Quando un certo numero di agenzie di modelle per bambini si sono rifiutate di lavorare con Asher Nash, sua madre sinceramente non riusciva a capirne le ragioni.
Sì, il bambino aveva la sindrome di Down, ma era un ragazzo intelligente, affascinante ed emotivo. Cioè, aveva tutte le qualità necessarie.
La madre ha sfogato le sue frustrazioni sui social media.
E presto, con suo grande stupore, i rappresentanti di un noto marchio di abbigliamento per bambini l’hanno contattata e hanno offerto ad Asher un contratto.
Non c’è niente da stupirsi, Meghan aveva inviato le foto del piccolo Asher a diverse agenzie di modelle.
Meghan è rimasta sorpresa e sconvolta quando ha iniziato a ricevere un rifiuto dopo l’altro dalle agenzie.

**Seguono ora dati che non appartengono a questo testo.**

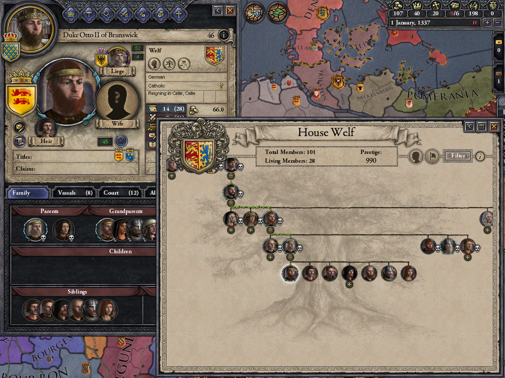 1337년 시나리오에서의 벨프 가문입니다... 오토 2세군요... 유아공 오토 1세의 손자입니다...

Le agenzie, come si è scoperto, invitano i bambini con bisogni speciali solo a girare annunci pubblicitari di beni e servizi per tali bambini.
Non c’era posto per i bambini con bisogni speciali nella pubblicità tradizionale o nei media. E Megan ha deciso di cambiarlo.
Lei ha creato una pagina Facebook, dove ha iniziato a pubblicare le foto di Asher, attirando l’attenzione dei lettori sulla violazione dei diritti dei bambini “speciali”.
Inoltre, Meghan ha contattato il principale marchio internazionale di abbigliamento per bambini OshKosh B’gosh, suggerendo ad Asher di fare da modello.
La lettera aperta di Meghan Nash ha subito fatto il giro del mondo. E presto i rappresentanti di OshKosh B’gosh si sono messi in contatto con lei.
“La nostra azienda Le ringrazia per gli sforzi che offre per garantire la presenza di bambini con bisogni speciali nella pubblicità”, si legge nella lettera.
“Noi, da parte nostra, intendiamo garantire la partecipazione di tali bambini alle nostre campagne pubblicitarie in futuro”.
Le parole del rappresentante dell’azienda non sono rimaste solo parole.
Hanno offerto ad Asher un contratto per partecipare alla prossima campagna pubblicitaria di OshKosh B’gosh.
Secondo Meghan, non avrebbe affatto fatto di suo figlio un top modello. Voleva solo che crescesse in un mondo in cui avrebbe avuto il suo posto accanto al resto della gente.
“Voglio solo che sia visto come una persona, non come portatore di una diagnosi”.